DMPlex interfaces with the discretization code described below, and is intended for multiphysics simulation. You can run a full set of PDE tests using the new Python test system

python2.7 ./config/ check src/snes/examples/tutorials/ex12.c
python2.7 ./config/ check src/snes/examples/tutorials/ex62.c
The test suite exhibits all the traditional preconditioners for the iso-viscous Stokes problem using PC FieldSplit (command lines), as well as matrix-free application of the operator combined with user-defined preconditioning, along with an FAS example using the p-Laplacian.

For several years now, we have been exploring unstructured geometric coarsening, and its application to unstructured multigrid methods. Peter Brune has taken the lead on this work.
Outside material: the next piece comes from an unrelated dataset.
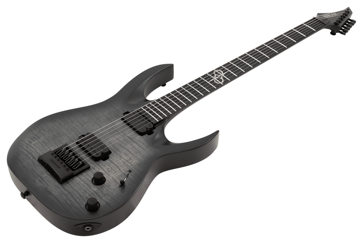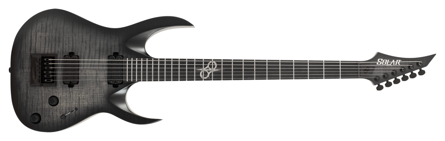 Loaded with Solar 18:1 locking tuners, PPS nut, five-way blade pickup switching and full access neck. Available in flame black matte finish.

Our recent paper shows simple applications of these ideas, but we would like to extend this to incorporate AMG ideas and also to larger and more complex problems.


I have recently introduced PETSc abstractions for quadrature, function spaces, dual spaces, and finite elements. Some good examples of this in PETSc are the Poisson equation with nonlinear coefficient and the Stokes equation on both simplicial and hexhedral meshes. Jed and I have also produced a 2nd order TVD finite volume example that can solve advection, shallow water, and the Euler equations with a variety of limiters and least-squares reconstruction.

The discretization interface plays well with the DM interface for topology representation. This lets the user specify boundary conditions on any marked part of the boundary, automatically refine the mesh in parallel, create interpolation operators for the mesh hierarchy, and extract submanifolds from computation or visualization. In fact, SNES ex12 showcases an automatically assembled FAS (nonlinear multigrid) scheme for the p-Laplacian. The user need only specify the equations and boundary conditions as pointwise functions, and PETSc can assemble the rest. This is very much like the FEniCS approach. For example, the functions for Stokes:

void f1u(PetscScalar u[], PetscScalar gradU[], PetscScalar a[], PetscScalar gradA[],
         PetscReal x[], PetscScalar f1[]) {
  for (comp = 0; comp < Ncomp; ++comp) {
    for (d = 0; d < dim; ++d) f1[comp*dim+d] = gradU[comp*dim+d]; /* (grad v, grad u) */
    f1[comp*dim+comp] -= u[Ncomp];                                /* (grad v, -p      */
void f1p(PetscScalar u[], PetscScalar gradU[], PetscScalar a[], PetscScalar gradA[],
         PetscReal x[], PetscScalar f0[]) {
  f0[0] = 0.0;
  for (d = 0; d < dim; ++d) f0[0] += gradU[d*dim+d];
And the boundary condition can be specified using:
void quadratic_u_2d(const PetscReal x[], PetscScalar *u, void *ctx)
  u[0] = x[0]*x[0] + x[1]*x[1];
  u[1] = 2.0*x[0]*x[0] - 2.0*x[0]*x[1];
Note that this strategy of using a pointwise specification of the problem is excellent for problems of moderate complexity, but does not cover everything. However, the residual/Jacobian evaluation interface is nicely hierarchical, and thus the user can decide how much of the infrastructure to use for their problem, much like the rest of PETSc.

I collaborate with Jed Brown, Ridgway Scott, Andy Terrel, Peter Brune, and Robert Kirby on automation of finite element discretization, as well as better integration of mesh abstraction with discretization and solver routines. I am also involved with the FEniCS project at Simula Research, working in particular with Hans Petter Langtangen and Anders Logg. The overarching theme for this work is that automation in scientific computing, exemplified by compilers, should be raised to a higher level of abstraction. By confining ourselves to a well understood domain, in this case finite element methods, we can make the symbolic problem tractable. A prime example of this program is the FEniCS Form Compiler (FFC) which I use to generate GPU integration code in this paper.